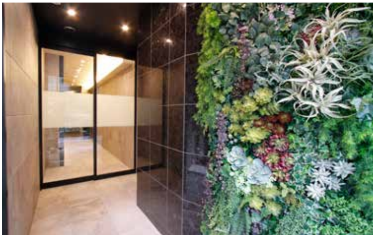
エントランス 豊かな緑のファサードは一層目を引きます
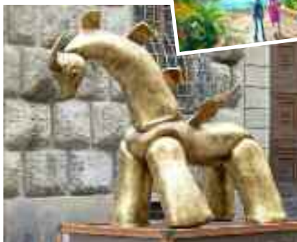
Nella foto, la scultura Dynowish
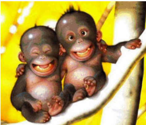
How are you?
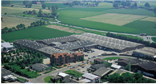
Firmengebäude der Firma HUPFER in Coesfeld
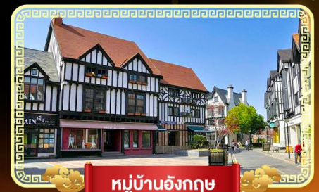
หมู่บ้านอังกฤษ
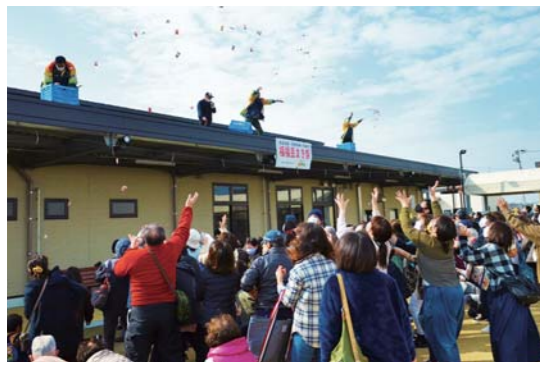
「豆まき」で コロナ収束を祈願

2月2日、アグリパークかのやで「豆まき」が行われました。これは、JA鹿児島きもつきが組合員や地域住民に対し、安心安全な地元産の食材で免疫力を高めてもらい、地域を元気づけようと実施したものです。この日は、福豆2,000袋が準備され、中には農畜産物が当たる袋も混じっており、「鬼は外、コロナも外」という力強い掛け声とともにまかれました。
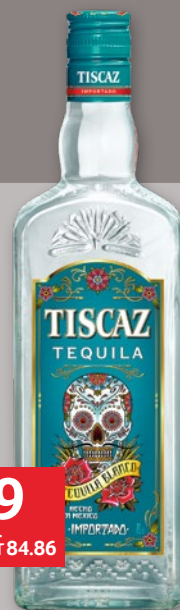
TISCAZ SILVER 35% 700 ML 638940
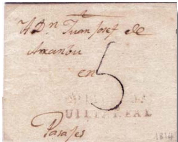
Fig. 11. Marca GUIPUZCOA/UILLA REAL (51 mm) de Segura 16/10/14 a Pasajes. Porte 5 negro de SS.
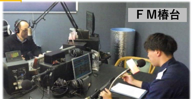
F M 椿台
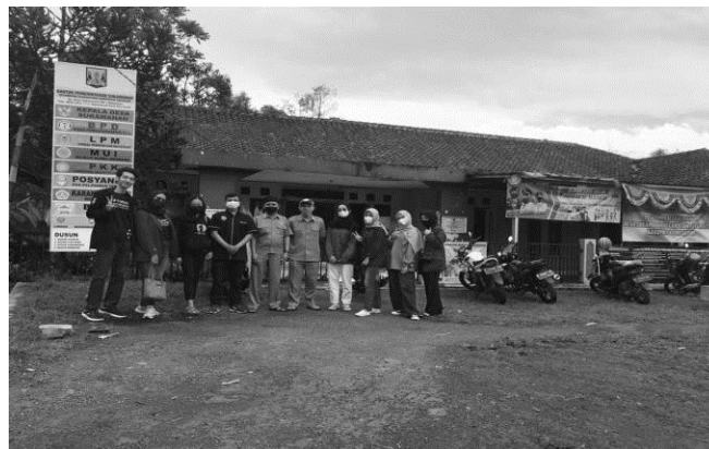
Gambar 3. Membersihkan Mesjid
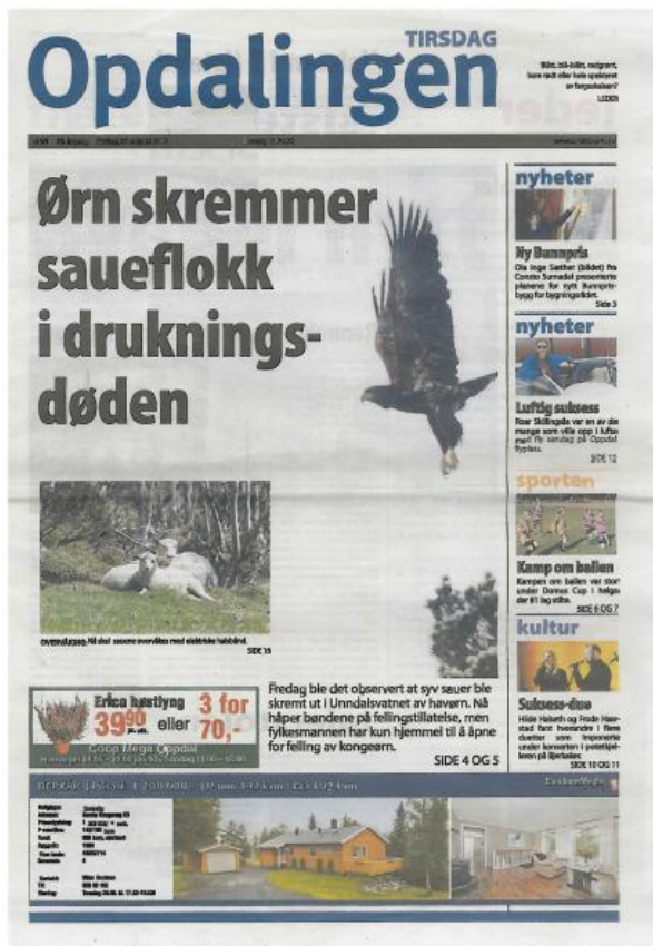
Figur 4.1 Faksimile. Ørn skremmer saueflokk i drukningsdøden. (Kilde: Avisen Opdalingen, Nr 95, 76.årgang. 27.08 2013).

rovdyr. Noen av de døde sauene tilhørte en av informantene mine, og dette påvirket naturlig nok intervjusituasjonen. Samholdet er godt blant bøndene i beitelaget, og denne hendelsen fant sted innenfor et område hvor flere av informantene har sine dyr. Derfor er dette noe som påvirker, og er en del av virkeligheten til alle bøndene jeg intervjuet. Jeg tror at fokuset på rovdyr ville være en naturlig del av samtalen uavhengig av denne hendelsen, men fokuset ble kanskje større siden dette skjedde i tiden rundt feltarbeidet. Dette påvirket altså den planlagte rekkefølgen i intervjuguiden, hvor enkelte spørsmål ble skjøvet bort, og andre dukket opp.
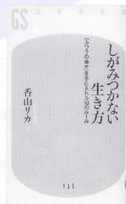
「しがみつかない 生き方」 香山リカ 著 幻冬舎新書
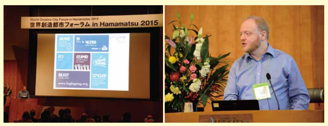
スーパープレゼンテーション Super-presentations グラスゴー Glasgow
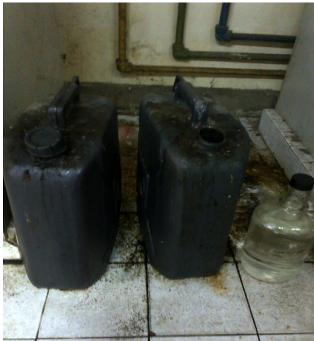
Gambar 14. Limbah cair laboratorium
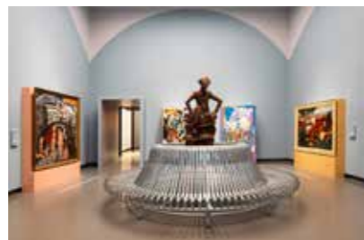
CATPC, 'Two Sides of the Same Coin', Van Abbemuseum, 2024.

In het Van Abbemuseum is 'Two sides of the Same Coin' te zien met werken van het Congolese kunstenaarscollectief CATPC in combinatie met werken uit de collectie van het Van Abbemuseum. De kunstenaars van het collectief leven op een planta-
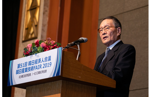
사사키 미키오 일한경제협회 회장
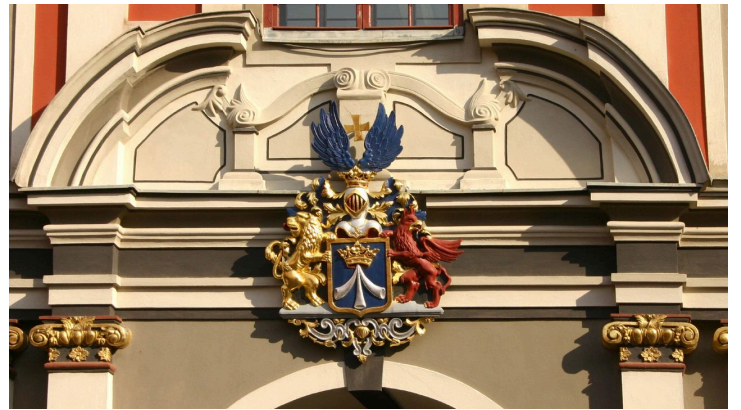
Rathaus Wappen
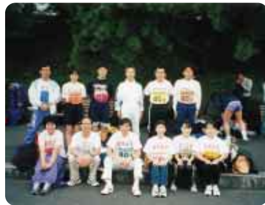
力走を誓って記念の一枚 = 11月6日, 皇居桜田門内で
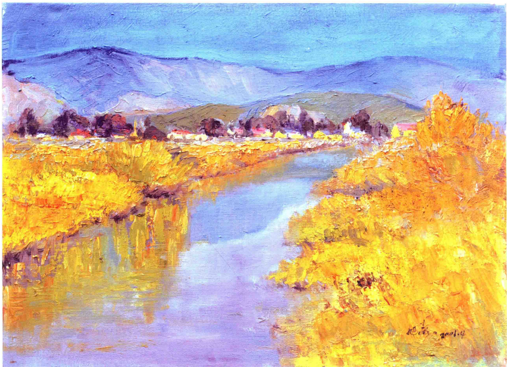
2001 • 溪满树黄 46×60cm
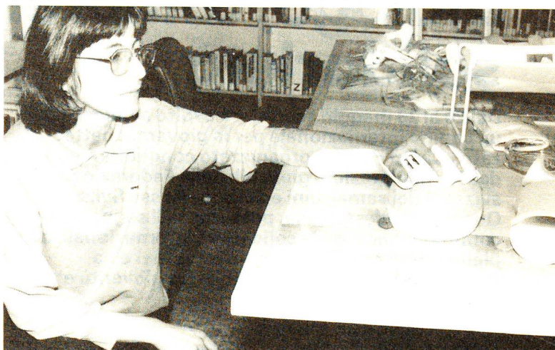
Il corso d'aggiornamento per ergoterapisti è stato essenzialmente incentrato sui nuovi metodi per la costruzione di stecche applicabili alla mano.

Questo tipo di corso, tenuto da un'ergoterapista americana in collaborazione con una ditta di mezzi ausiliari, segna una primizia nel nostro cantone, dove generalmente gli ergoterapisti seguono i corsi di aggiornamento oltre San Gottardo.
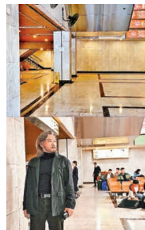
■《寒戰1994》團隊神還原舊機場大堂掀熱議。
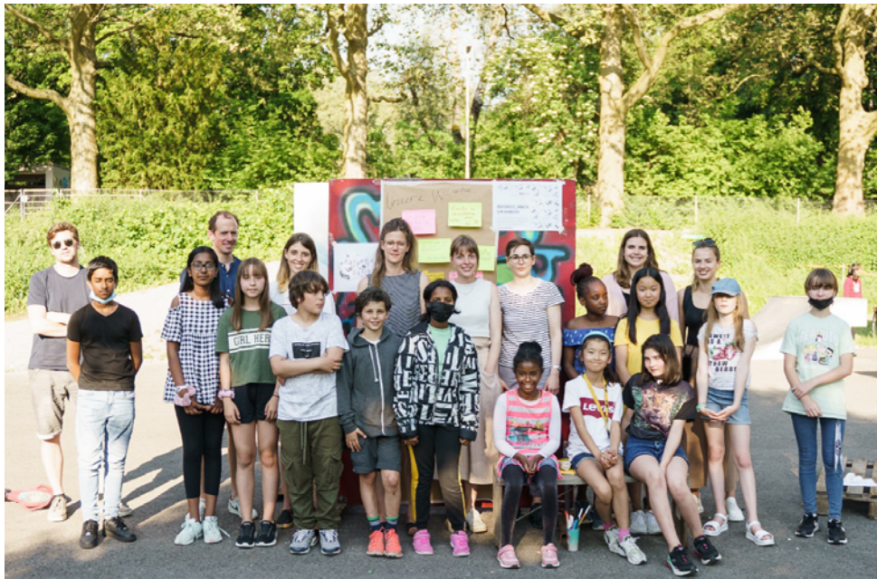
Événement final juin 2021 – les reporters avec leurs mentors (groupe incomplet)
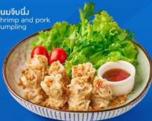
นมจืด Shrimp and pork dumpling
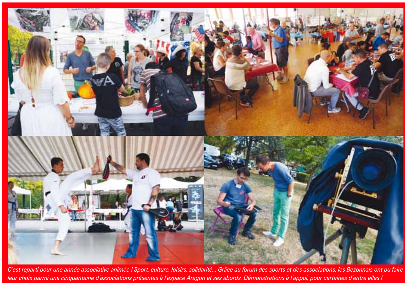
C'est reparti pour une année associative animée ! Sport, culture, loisirs, solidarité... Grâce au forum des sports et des associations, les Bezonnais ont pu faire leur choix parmi une cinquantaine d'associations présentes à l'espace Aragon et ses abords. Démonstrations à l'appui, pour certaines d'entre elles !
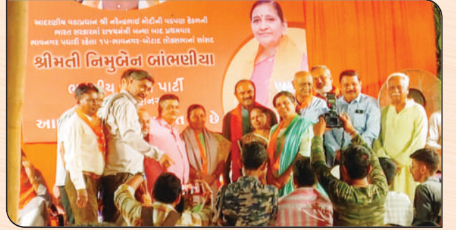
નવનિયુક્ત કેન્દ્રીય મંત્રી શ્રીમતી નીમુબેન બાંભણીયાનું અભિવાદન કરતા બેંકના બોર્ડ ઓફ ડીરેક્ટરશ્રીઓ
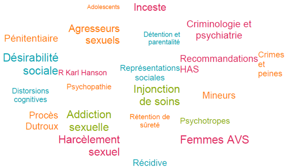
Tableau Nuage de Tags :
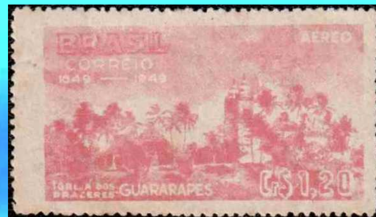
RHM A-71 Tricentenário da Segunda Batalha de Guararapes
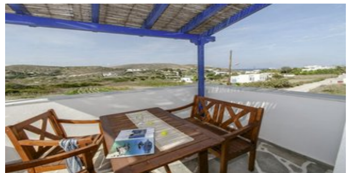
Auf dem Balkon
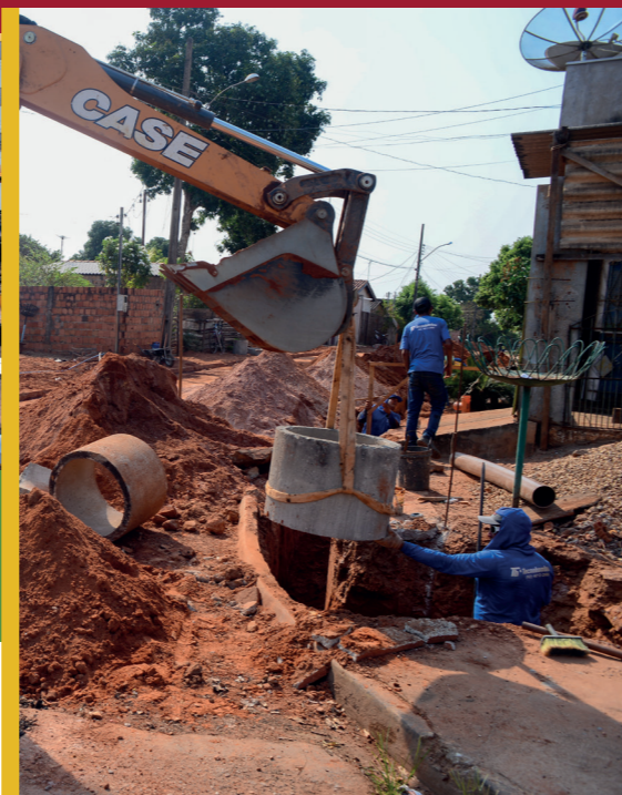
100% DE REDE DE ESGOTO, ÁGUA TRATADA E COLETA SELETIVA
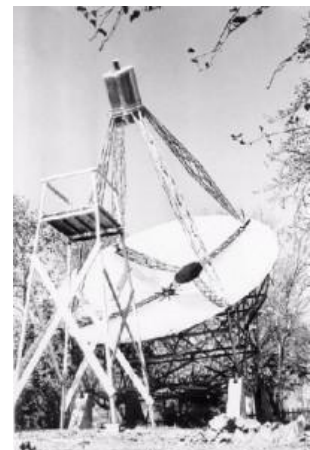
Fig. 4 STZ. W9 GFZ

di Jansky, costruì nel suo giardino un radiotelescopio amatoriale (Fig.4) costituito da una antenna di 10 metri di diametro, collegata ad un amplificatore ed a un ricevitore che operava su 3300 Mhz, 900 Mhz, e 160 Mhz, utilizzando la sua stazione astronomica soltanto di notte per ridurre il numero delle interferenze causate dai motori a scoppio delle automobili. E fu proprio di notte che sulla frequenza di 160 Mhz riuscì a registrare il rumore galattico emesso dalla nostra Galassia, confermando, così, quanto aveva già scoperto l'ing. Jansky. Da quella notte, Reber, dopo aver rielaborato tutti i dati, compilò la prima radiomappa della Galassia, tracciando le linee isoterme della distribuzione della temperatura del cielo, la Brillanza, sulla frequenza di 160 Mhz. Quanto sin qui riportato, è soltanto l'inizio, perchè a Jansky e Reber, fecero seguito altri osservatori, tra i quali Robert
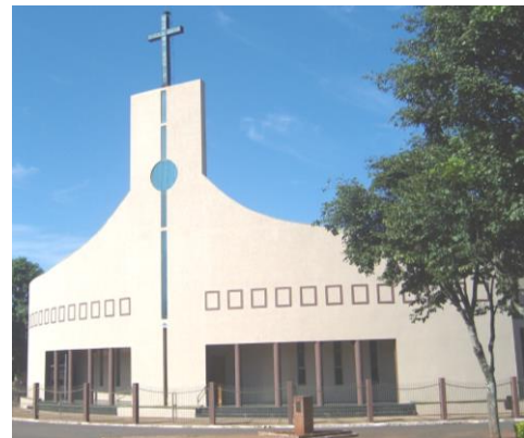
Igreja São Pedro Apóstolo e Nossa Senhora de Fátima
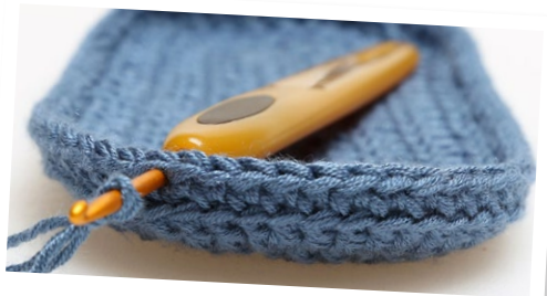
Här börjar Överdelen.
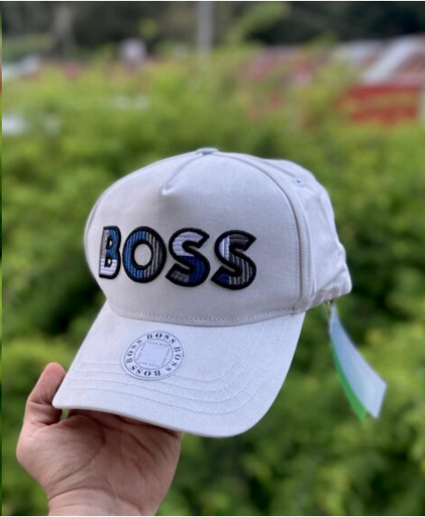
Gorra Hugo BOSS Blanca
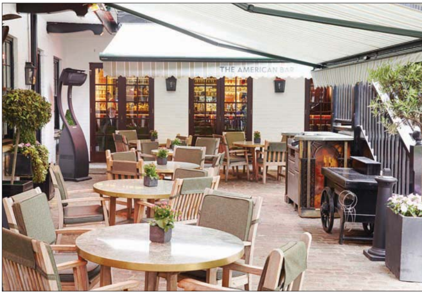
فتح الباحات الخارجية لدى بعض المطاعم ساعدها على مواصلة العمل

ويعد إقفال الفنادق على مدى أشهر طويلة، عادت لتفتح أبوابها من جديد، ولكن بنسبة خجولة لا تتعدى العشرين في المائة. وانقسام آراء الشعب حول رفع القيود ملحوظ، ولكنه أمر لا بد منه. وهذا ما أكدته بروكتر الذي يرى أن عودة حركة الطيران إلى ما كانت عليه قبل الجائحة سيعيد الحياة إلى العاصمة لندن ومرافقها السياحية، ولا يوجد حل إلا من خلال إلغاء قوانين الحجر للقادمين من الخارج، ومن المنتظر أن يلغي هذا القانون في أغسطس (آب) المقبل. وتبقى هناك ذيول خروج إنجلترا من الاتحاد الأوروبي الذي أدى إلى خسارة مهرات كثيرة، ولن يساعد على تعويضها إلا تسهيل الحصول على تأشيرات العمل، والسماح للطهاة والعاملين في قطاع الضيافة بالعودة والعمل في لندن من جديد.
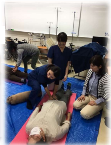
↑リンパマッサージ体験中
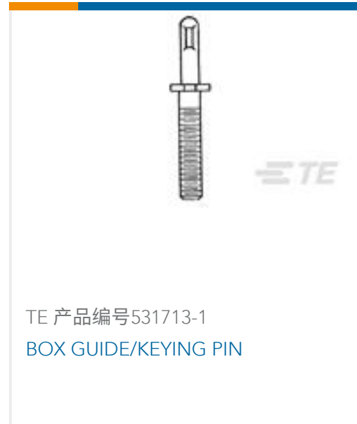
TE 产品编号531713-1 BOX GUIDE/KEYING PIN
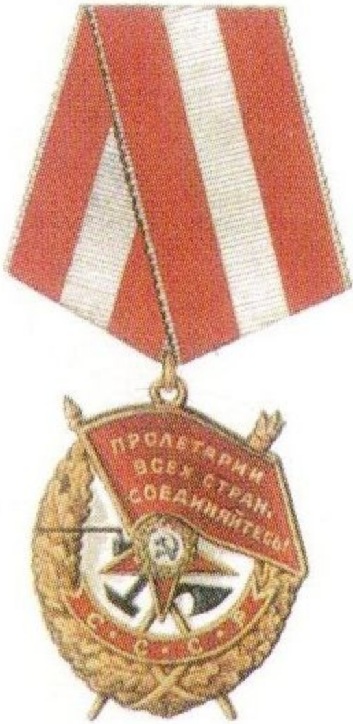
Орден Красного Знамени
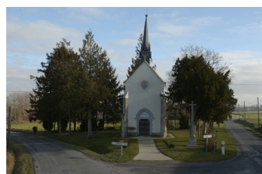
L'entrée de la chapelle
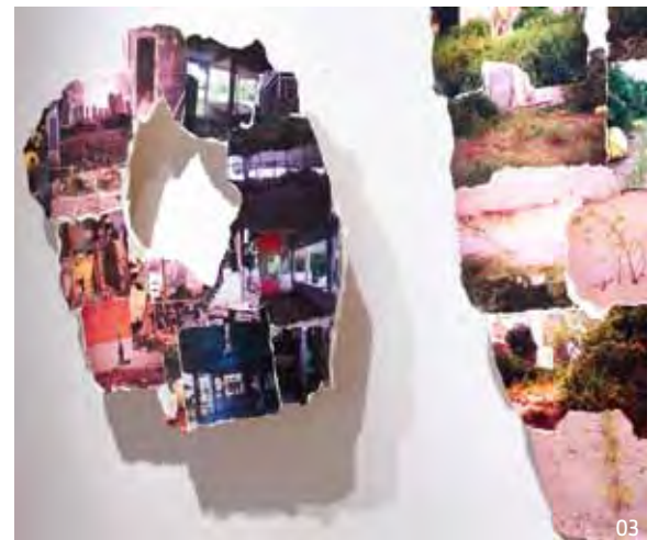
01 วัตถุที่ Eiji พบในไซต์ก่อสร้างถูกเก็บสะสมและนำมาจัดวางร่วมกันเป็นผลงานศิลปะที่มีทั้งคอนกรีต ไม้ ปิ๊บ และอุปกรณ์ก่อสร้างอื่นๆ 02 ภาพวาดที่ได้แรงบันดาลใจมาจากการไปพบกบที่ร่องรอยที่มักพบในงานก่อสร้างอาคาร 03 ภาพที่ศิลปินไปถ่ายจากไซต์ก่อสร้างถูกนำมาฝึกและปะติดปะต่อเข้าด้วยกัน 04 งาน interactive installation ประกอบรวมขึ้นเป็นแสงสี เสียง ซึ่งได้ Miklas Moller มาช่วยออกแบบเสียงให้กับนิทรรศการครั้งนี้โดยเฉพาะ
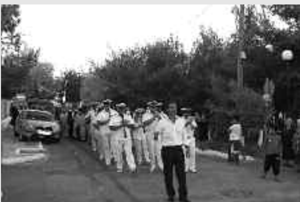
Η Φιλαρμονική δήμου Φυλής
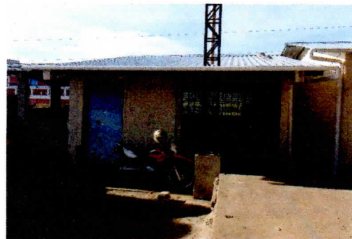
Modulo 2: Sustitución de lámina, por lámina troquelada aluzinc calibre 26, sustitución de capote de lámina para lámina troquelada, sustitución de elementos de fijación (tornillos), sustitución de canal PVC, reparación de bajada de agua pluvial, tubo PVC 3"
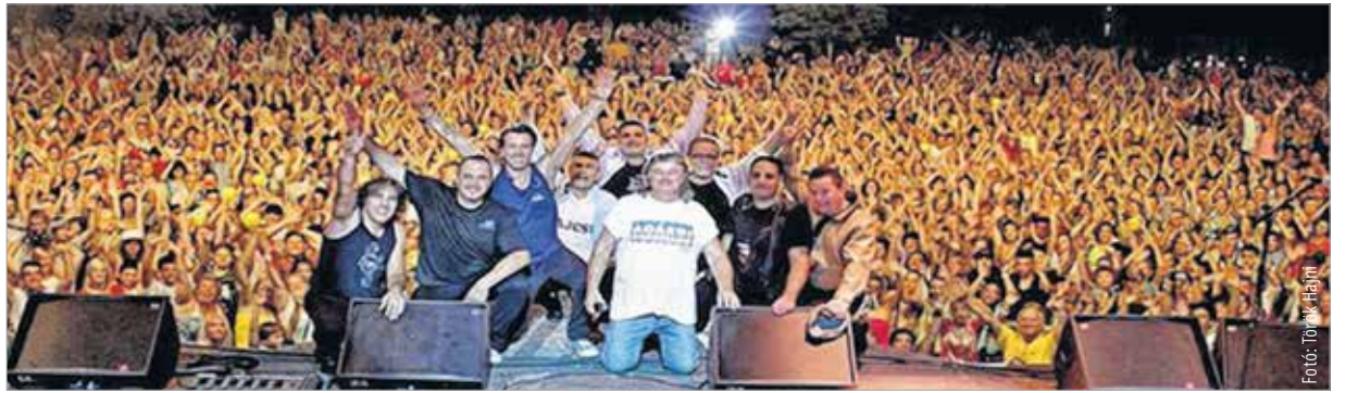
Varázslatos nyári éjszakák várják idén is a magyar könnyűzene rajongóit az Agárdi Popstrandon

bulimra, amelyen egy óriáskivetítőnek köszönhetően több ezer fiatal énekelte együtt a dalokat, miközben táncolt is.” A szív szerelem azonban mindig Agárd maradt. „1977-ben személszállító pótkocsikon indítottam el a Popstrandot és a 90%-ban saját erőből felépített rendezvényközpont több mint három évtizedes sikertörténetét. Azóta megszámlálhatatlan sikert tudhatunk magunkénak, valamennyi ma-

▸ Exercise instructions: From the records above, write out exactly the lines that begin at the line with "નવનિયુક્ત કેન્દ્રીય મંત્રી" and end at the line with "Fig. 4 STZ. W9 GFZ". Pictures must not appear in the output.

▸ Solution:
નવનિયુક્ત કેન્દ્રીય મંત્રી શ્રીમતી નીમુબેન બાંભણીયાનું અભિવાદન કરતા બેંકના બોર્ડ ઓફ ડીરેક્ટરશ્રીઓ
Tableau Nuage de Tags :
RHM A-71 Tricentenário da Segunda Batalha de Guararapes
Auf dem Balkon
100% DE REDE DE ESGOTO, ÁGUA TRATADA E COLETA SELETIVA
Fig. 4 STZ. W9 GFZ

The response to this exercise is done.